## SUPPLIED INFORMATION
[Start of section]

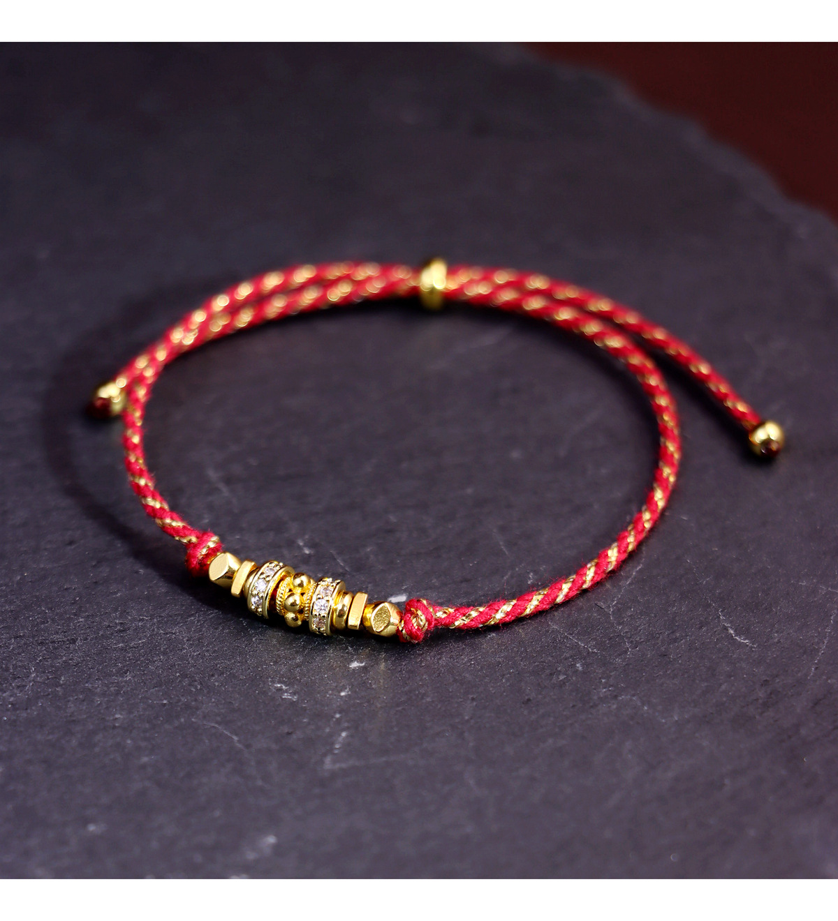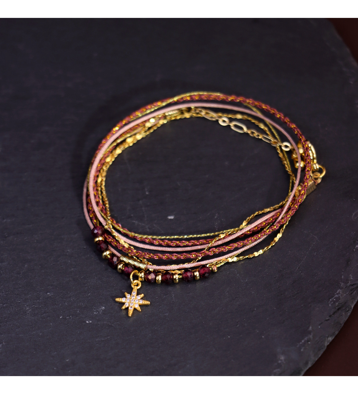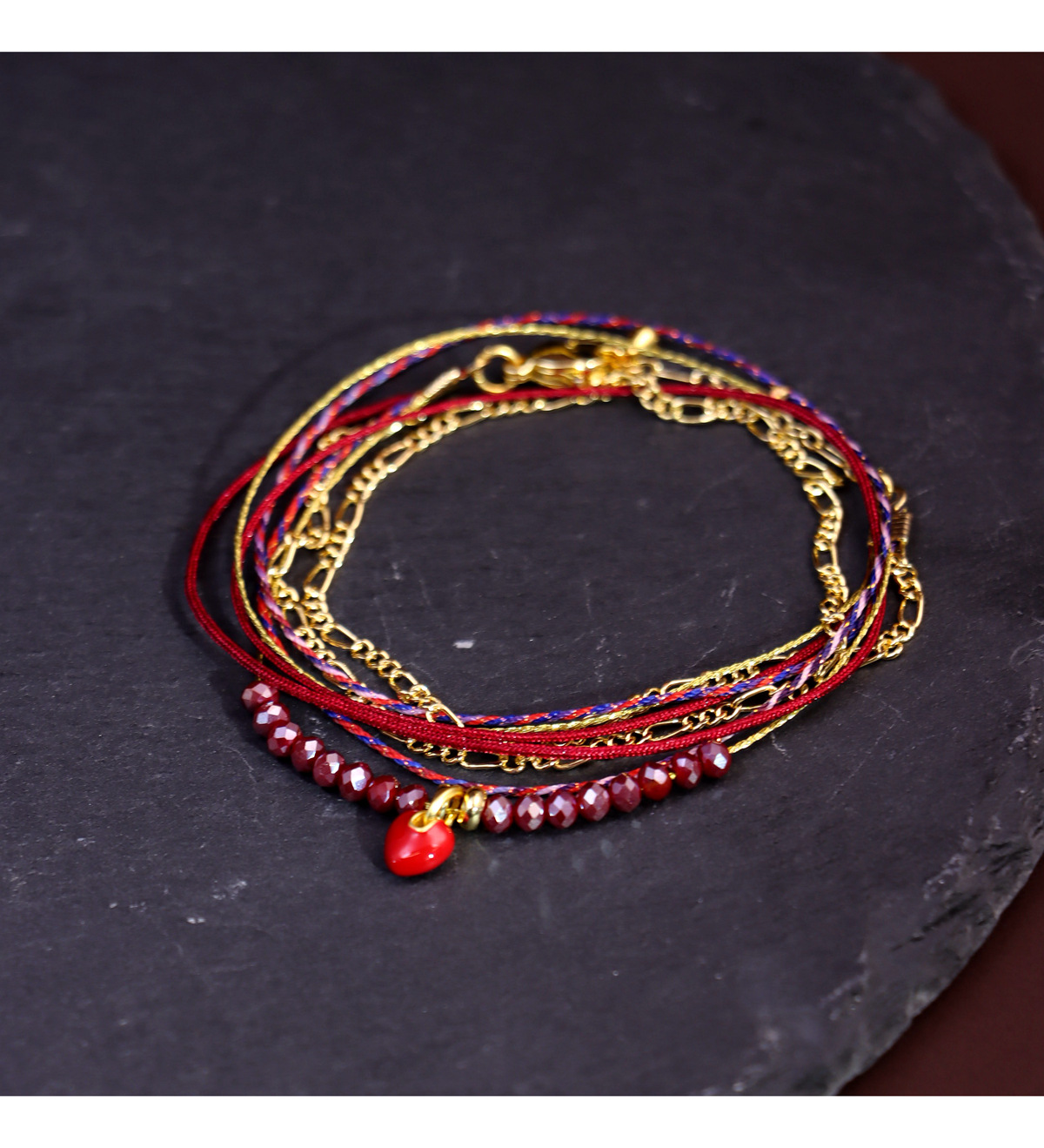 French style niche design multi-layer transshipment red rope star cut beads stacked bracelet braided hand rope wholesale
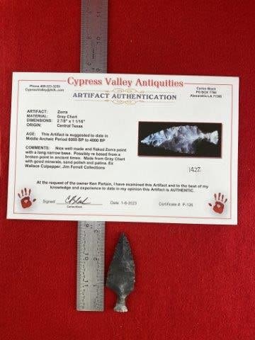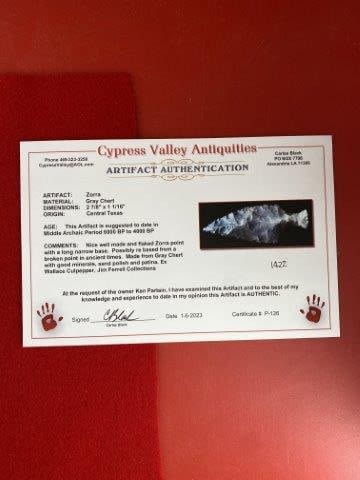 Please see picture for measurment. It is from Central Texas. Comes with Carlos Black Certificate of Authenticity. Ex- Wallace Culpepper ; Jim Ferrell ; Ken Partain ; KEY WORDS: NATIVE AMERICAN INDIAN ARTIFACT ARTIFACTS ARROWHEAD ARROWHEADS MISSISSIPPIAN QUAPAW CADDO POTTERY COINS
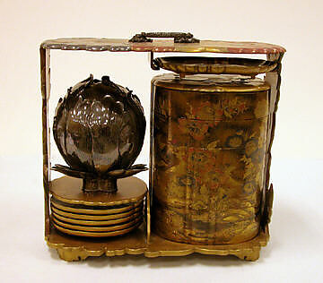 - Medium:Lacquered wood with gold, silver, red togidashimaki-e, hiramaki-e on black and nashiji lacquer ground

[End of section]

## TASK DESCRIPTION
Write out the data above exactly, minus any images.

## EXERCISE SOLUTION
 French style niche design multi-layer transshipment red rope star cut beads stacked bracelet braided hand rope wholesale
 Please see picture for measurment. It is from Central Texas. Comes with Carlos Black Certificate of Authenticity. Ex- Wallace Culpepper ; Jim Ferrell ; Ken Partain ; KEY WORDS: NATIVE AMERICAN INDIAN ARTIFACT ARTIFACTS ARROWHEAD ARROWHEADS MISSISSIPPIAN QUAPAW CADDO POTTERY COINS
 - Medium:Lacquered wood with gold, silver, red togidashimaki-e, hiramaki-e on black and nashiji lacquer ground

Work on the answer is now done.